Swedish beauty pageant contestant (born 1947)

Margareta Arvidsson (born 12 October 1947) is a Swedish actress, fashion model and beauty queen who was crowned as the 1966 Miss Universe at age 18. She represented Vänersborg in the 1966 Miss Sweden Pageant. She was the second Swedish woman to win the crown, 11 years after Hillevi Rombin.

Arvidsson won the Miss Photogenic title at the 15th Annual Miss Universe Pageant which was held in Miami Beach, Florida, culminating with her crowning on 16 July 1966. After her crowning, she walked to greet the audience, was interviewed by the pageant host, and posed for pictures with the runners-up, sitting on the throne.

In March 1999, Margareta Arvidsson was a guest of honor at the 50th Anniversary of the Miss Sweden Pageant.

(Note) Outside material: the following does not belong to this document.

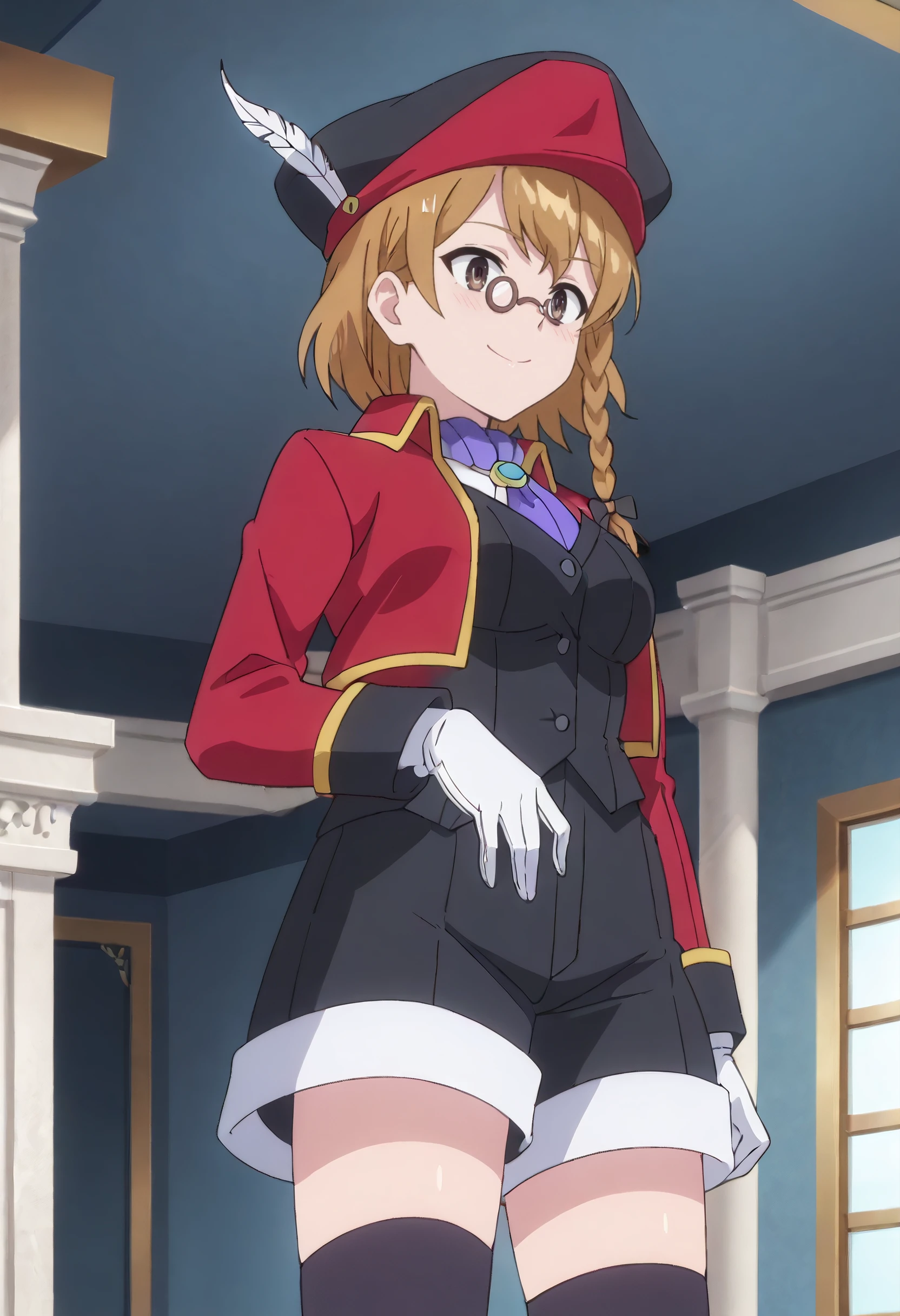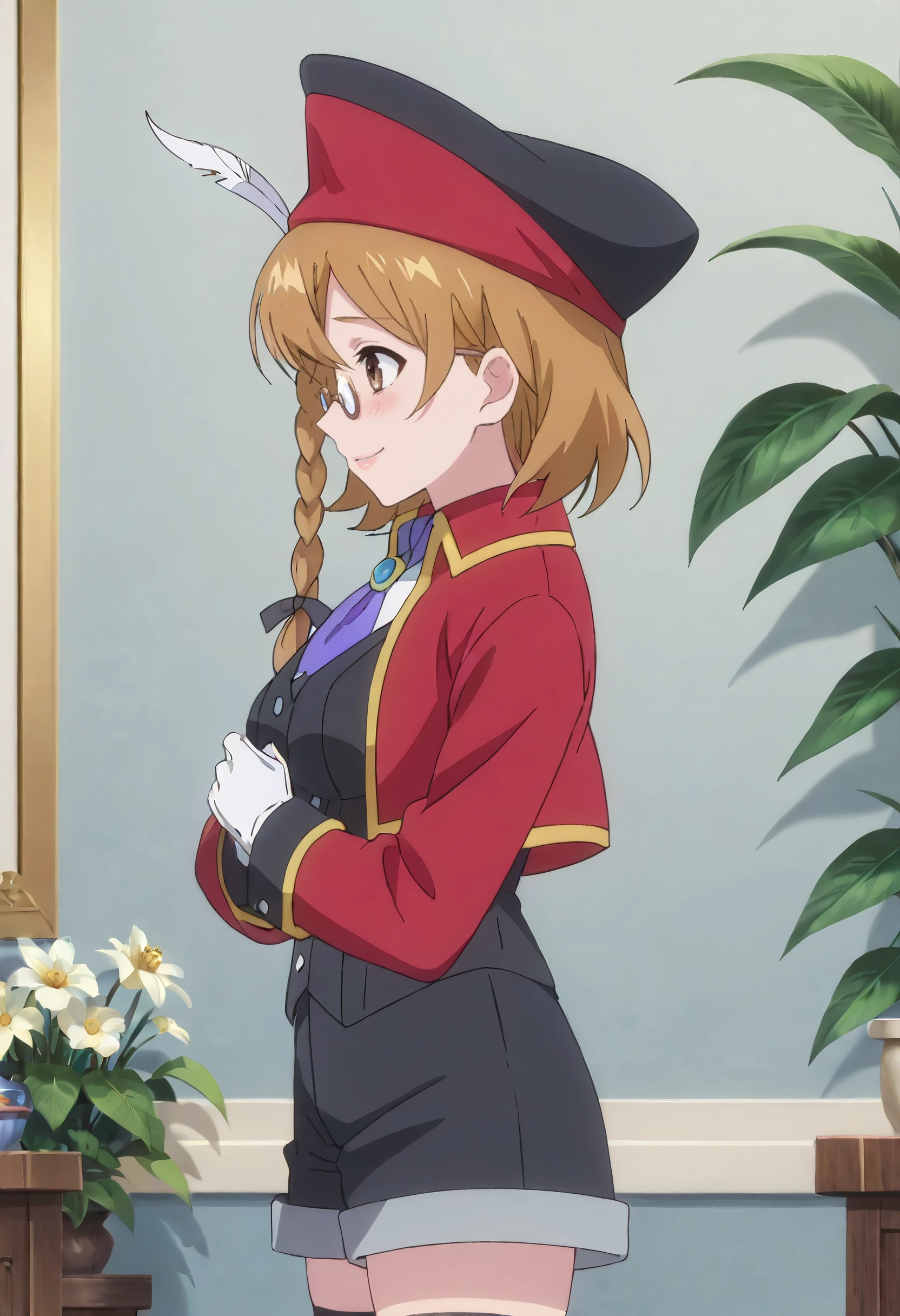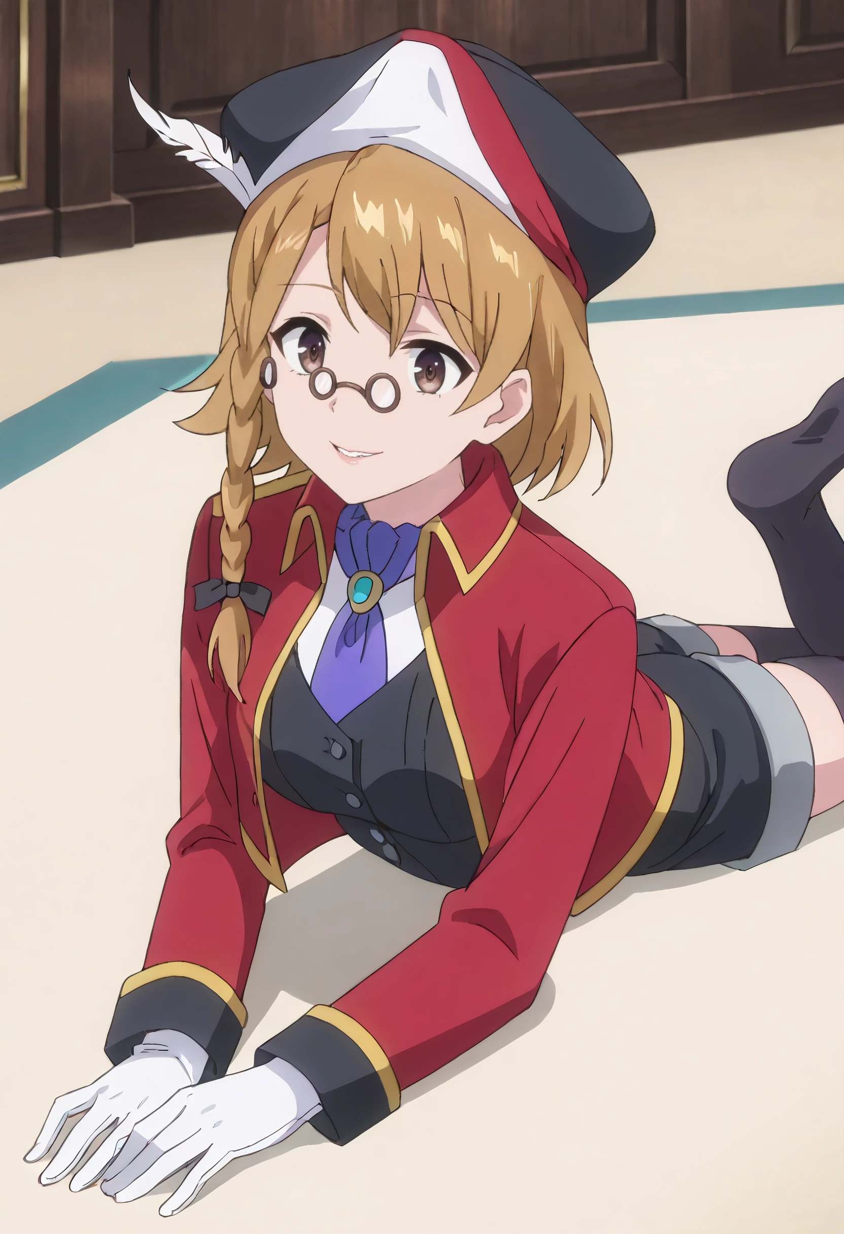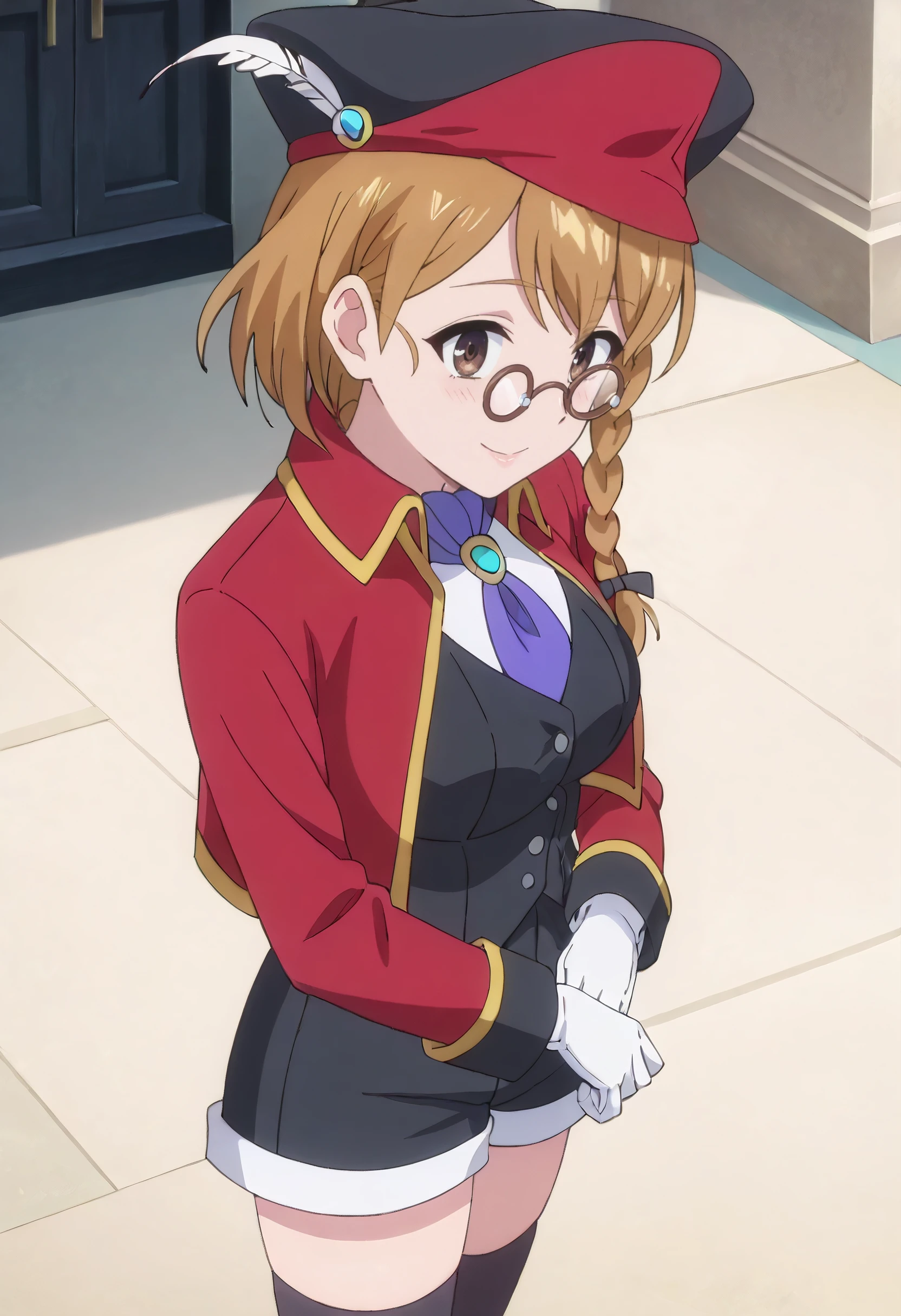 PrimOutfit, hat, brown hair, hat feather, red jacket, jacket, ascot, feathers, long sleeves, vest, hair ribbon, tricorne, purple ascot, gloves, necktie, white gloves, coat, cropped jacket, shorts, black vest, ribbon, thighhighs, black thighhighs, red coat,
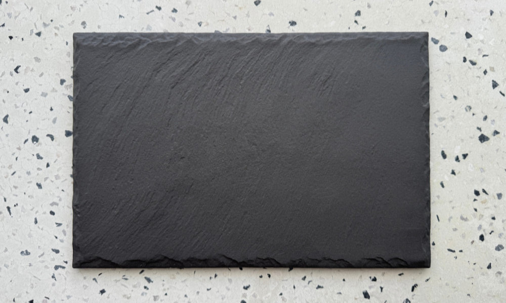 Die Servierplatte besteht aus langlebigem Feinsteinzeug, das eine matte, schieferähnliche Oberfläche besitzt. Laut SLAÏRE ist das Material besonders dicht, pflegeleicht, hitzebeständig und dient als robuste Basis für den täglichen Einsatz. Die leicht strukturierte Oberfläche wirkt wie echter Stein, bleibt aber hygienisch, geschmacksneutral und unkompliziert zu reinigen.

== Post-Miss Universe career ==
After her crowning as Miss Universe, Arvidsson worked as a model for the Ford Modeling Agency and appeared on stage and in film.

== Personal life ==
Arvidsson was married to Brazilian fashion photographer Otto Stupakoff for nine years and had two children with him. Her granddaughter and fellow model Kianna Stupakoff wrote that Arvidsson was spurned for her weight as a model in the 1970s and had told her that Ford Models executive “Eileen Ford called me fat as an elephant”.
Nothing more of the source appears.